Public Debts, the first form of Stock Exchange investment that we considered, were to this extent simple, that they all implied a contract by which the investor became a creditor entitled to a fixed rate of interest and usually a capital sum to be some day repaid by the debtor.

Company securities, as a preliminary to the consideration of which we have been looking for a meaning in company accounts, are complicated in that they give the investor the choice of creditorship or ownership.

For those who like to be creditors, companies provide debts, in the form of bonds, debentures and debenture stocks, similar to the bonds and stocks issued by Governments and public bodies and, occasionally, interest bearing notes, usually with an early date of maturity, similar to the Treasury bills and Exchequer bonds with which Governments cater for the appetite that likes to see its money back soon.

For those who like ownership with the greater risk and more luxurious prizes that are its lot, companies provide ordinary, or common, shares and stocks.

For those who love compromise and a via media—less risk than is run by the ordinary shareholder and a higher yield than is given to the debtholder—companies provide preference or preferred shares and stocks.

These are the three main divisions, and, though there are many intermediate varieties with fancy names, they nearly all fall in fact into one of these classes. The debtholder takes the first bite out of the revenue of the company (after wages, salaries, taxes and other expenses have been met): the preference holder comes next and the ordinary shareholder takes such share of the balance as is not kept in hand by the directors or placed to reserve fund.

The position of the company debtholder is, usually, much the same as that of the holder of public debts—he is entitled to a fixed rate of interest, either for all time or up to the date at which his bond or stock is due for repayment. This date is either definitely fixed, or may be determined by the hazard of a draw, when the securities are numbered and part of them is drawn yearly or half-yearly for repayment. Payment is usually at par or the face value of the bond, but sometimes a small bonus is thrown in on redemption, and £105 or so is paid for the £100 stock or bond. This is usually confined to cases in which the debtor has a right of redeeming at an early date, as when a company issues bonds redeemable, at its option, at £105 in ten years or at £100 in thirty years. In the case of Bass & Co. the 4½ and 3½ per cent. Debentures are redeemable at the option of the company at 117 and 110 respectively.

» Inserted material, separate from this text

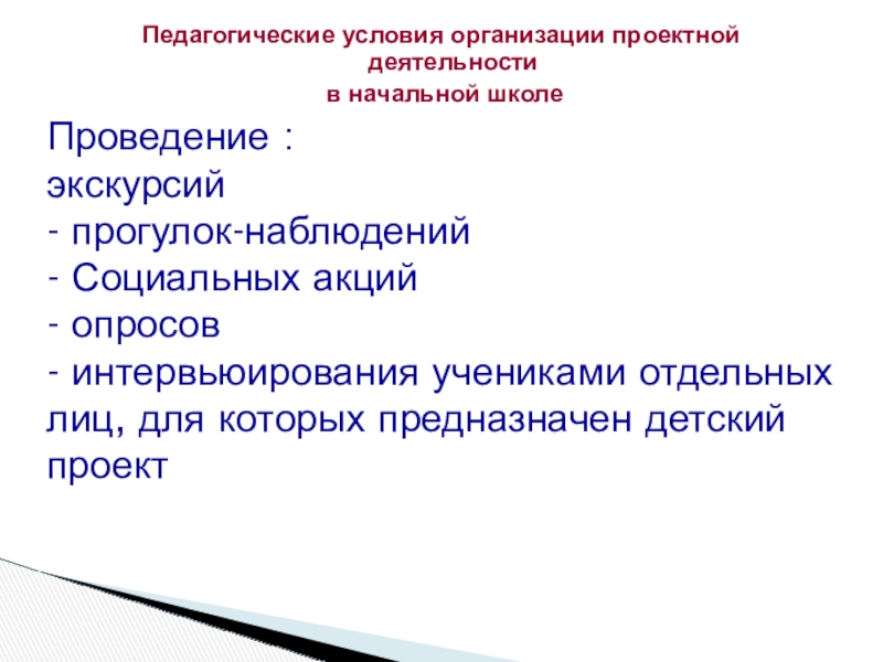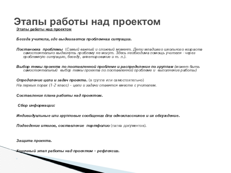 Ошибочное понимание проекта как любой самостоятельной деятельности детей (изготовление чего-либо по инструкции, подготовка реферата по задан-ной схеме, проведение наблюдения или опыта по известному плану и т. д.).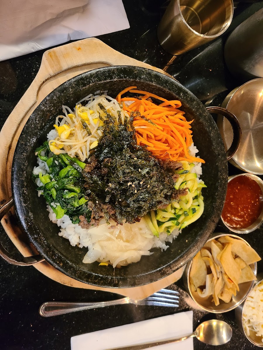 First time trying kalbijjim and I loved it! Have been wanting to try this place since it opened and am glad they started using an online waitlist. Only difficultly was finding parking since it was pretty crowded on a Friday evening. I like that they take your order before they seat you so that the food comes out a little quicker by the time you're seated. Got the braised short rib with no spice and it was soooo good. The meat was super soft and tender and the sauce was so flavorful. A little pricey in my opinion, but the portion was huge and we had leftovers from splitting one dish between 2 people. 3 other members in my group shared a kalbijjim and nengmyun and were all very full. I would definitely come again!

In addition to these rights and frillings, holders of company debts, such as are described as mortgage bonds or mortgage debentures, have the right of foreclosure over part or all of the company's property in the event of its defaulting in the interest payments or redemption service. The value of this right evidently depends on the price at which the property pledged could, in case of foreclosure, be sold for the benefit of the creditors. And so here we find ourselves back in the region of guesswork. And very often we do not even know the book values of the assets that we are trying to guess about. Prospectuses frequently offer notes or debentures, with the label "first mortgage" attached, and say, for example, that they are specifically charged on the freehold and leasehold property, and then give a statement of assets in which the said freeholds and leaseholds are jumbled up with the machinery and plant under one heading, so that it is not possible to tell even what is the balance-sheet value of the property specifically charged. And even if we knew that, the price that would be secured by a sale, at a time when the company was in difficulties, is still a matter of surmise. As to the "first floating charge" on all the assets, with a pledge that the Board will not put any charge ahead of it, except if necessary for "advances in the ordinary course of business"—and some such phrase is often found when debentures are issued—this protection is not a very sure shield for holders, since advances in the ordinary course of business would be more than likely, if the enterprise were straitened for funds, to be on a considerable scale.

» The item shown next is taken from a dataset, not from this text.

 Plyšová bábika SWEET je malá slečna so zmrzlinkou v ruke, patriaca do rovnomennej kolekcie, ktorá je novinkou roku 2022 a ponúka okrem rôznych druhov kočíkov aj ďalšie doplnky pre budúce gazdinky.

An additional protection is secured for industrial debenture holders by the appointment of trustees to watch over their interest. The efficiency of their vigilance, however, is likely to be impaired if, as often happens, one or more of the trustees is also a member of the Board. If all goes well there is no objection, because the trustees only become important when all is not well; then, the interests of the creditors and those of the shareholders are likely to clash, and it is not right for one man to represent them both.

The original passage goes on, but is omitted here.